- [Task to complete]:
Everything in the data that follows should be given again verbatim, except the images.

── Dataset extract ──

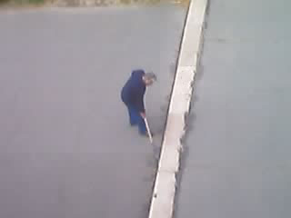 Barátunk elvágtázott a kis "műhelyébe", ahol valószínűleg elég jól leitta magát (később erős piaszag áradt belőle). Ez idáig még talán rendben is van, csakhogy ő délután úgy gondolta, hogy most akkor elkezd dolgozni. Kiment a suli elé ásóval, és megpróbált gödröt ásni a betonba. Nem tudom, hogy a gödörásást - mégha földet ás is - miért gondolta értelmes munkának, de sebaj, délután fél négyig ott próbálkozott rendületlenül lyukat ásni a betonba és a lépcsőkbe. Kép is készült róla, de sajnos megint a másodikon volt óránk, onnan lett fényképezve mobillal, és a zoom miatt eléggé szétesett, de azért látszik rajta a lényeg.
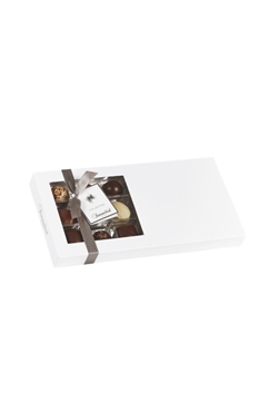 PRALINE: Hvid chokolade, praline og marcipan LÆSØ: Mælkechokolade, karamel og seasalt PROVENCE: Mørk chokolade, orange og marcipan LIQUORICE: Amber hokolade. lakrids og karamel MINT: Mørk chokolade, karamel og mint BLACKCURRANT: Mørk chokolade, solbær og ganache FLEUR D'ORANGE: Hvid chokolade, praline og orange VALENCIA: Mørk chokolade og marcipan 200 gram - 18 stykker - 9 forskellige varianter.
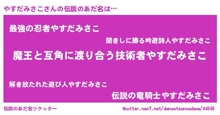 | ヒーロー風カッコイイあだ名 | 『仮面ヤスダー』『究極戦士ヤスダミサコ』 |

───

- [Answer box]:
 Barátunk elvágtázott a kis "műhelyébe", ahol valószínűleg elég jól leitta magát (később erős piaszag áradt belőle). Ez idáig még talán rendben is van, csakhogy ő délután úgy gondolta, hogy most akkor elkezd dolgozni. Kiment a suli elé ásóval, és megpróbált gödröt ásni a betonba. Nem tudom, hogy a gödörásást - mégha földet ás is - miért gondolta értelmes munkának, de sebaj, délután fél négyig ott próbálkozott rendületlenül lyukat ásni a betonba és a lépcsőkbe. Kép is készült róla, de sajnos megint a másodikon volt óránk, onnan lett fényképezve mobillal, és a zoom miatt eléggé szétesett, de azért látszik rajta a lényeg.
 PRALINE: Hvid chokolade, praline og marcipan LÆSØ: Mælkechokolade, karamel og seasalt PROVENCE: Mørk chokolade, orange og marcipan LIQUORICE: Amber hokolade. lakrids og karamel MINT: Mørk chokolade, karamel og mint BLACKCURRANT: Mørk chokolade, solbær og ganache FLEUR D'ORANGE: Hvid chokolade, praline og orange VALENCIA: Mørk chokolade og marcipan 200 gram - 18 stykker - 9 forskellige varianter.
 | ヒーロー風カッコイイあだ名 | 『仮面ヤスダー』『究極戦士ヤスダミサコ』 |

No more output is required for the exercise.